_Task statement_
In the material below, pictures must be dropped. Repeat exactly, and only, the lines from the line with "Die drei Siegermannschaften" to the line with "党委书记朱斌、副书记唐华与竺", both ends included.

_Records supplied_
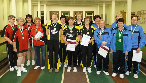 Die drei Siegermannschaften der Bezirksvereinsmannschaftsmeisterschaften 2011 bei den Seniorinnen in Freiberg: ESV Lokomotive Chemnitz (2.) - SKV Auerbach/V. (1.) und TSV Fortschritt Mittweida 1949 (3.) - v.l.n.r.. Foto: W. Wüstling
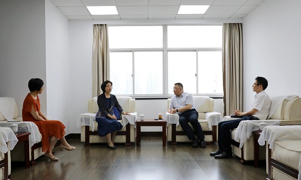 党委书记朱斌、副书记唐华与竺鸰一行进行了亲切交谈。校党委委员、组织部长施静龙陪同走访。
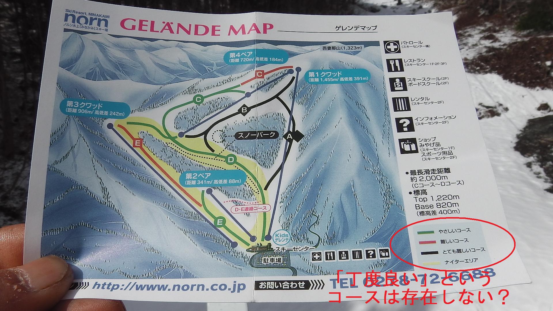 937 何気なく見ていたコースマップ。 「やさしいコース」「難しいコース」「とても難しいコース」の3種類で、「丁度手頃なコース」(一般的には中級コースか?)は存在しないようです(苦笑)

==

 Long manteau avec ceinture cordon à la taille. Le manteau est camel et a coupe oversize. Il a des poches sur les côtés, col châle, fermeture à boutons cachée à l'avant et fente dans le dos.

---

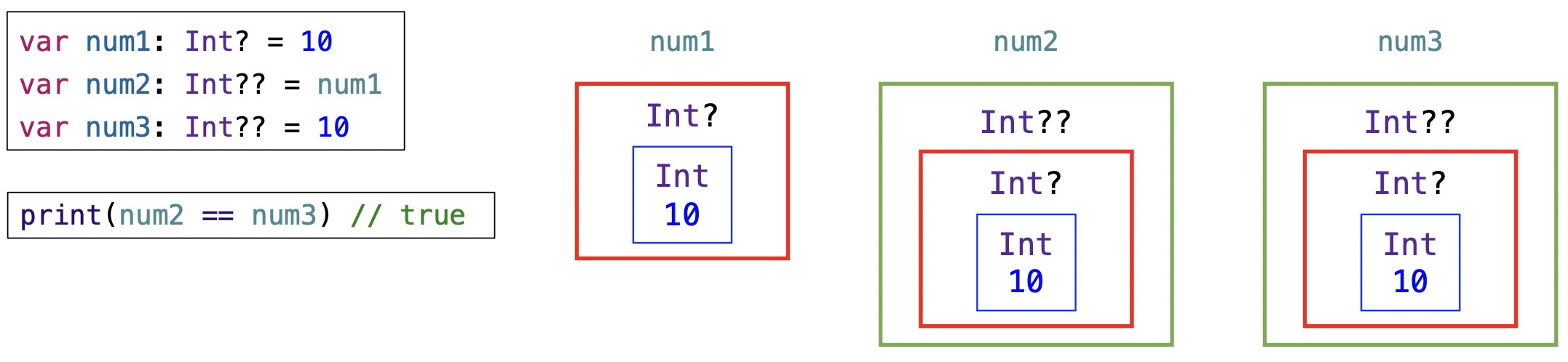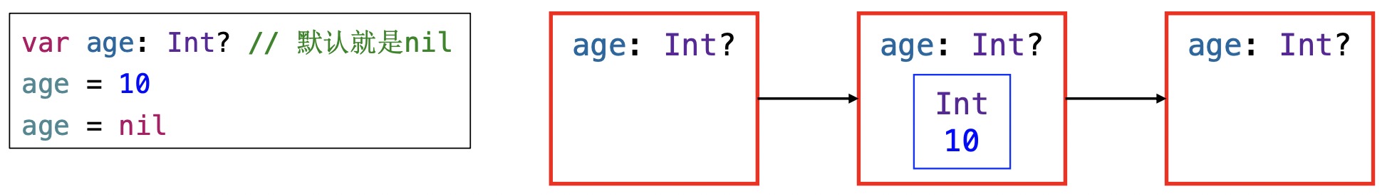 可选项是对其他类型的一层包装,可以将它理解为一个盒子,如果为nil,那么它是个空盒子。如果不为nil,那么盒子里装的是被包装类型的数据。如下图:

_Exercise answer_
 Die drei Siegermannschaften der Bezirksvereinsmannschaftsmeisterschaften 2011 bei den Seniorinnen in Freiberg: ESV Lokomotive Chemnitz (2.) - SKV Auerbach/V. (1.) und TSV Fortschritt Mittweida 1949 (3.) - v.l.n.r.. Foto: W. Wüstling
 党委书记朱斌、副书记唐华与竺鸰一行进行了亲切交谈。校党委委员、组织部长施静龙陪同走访。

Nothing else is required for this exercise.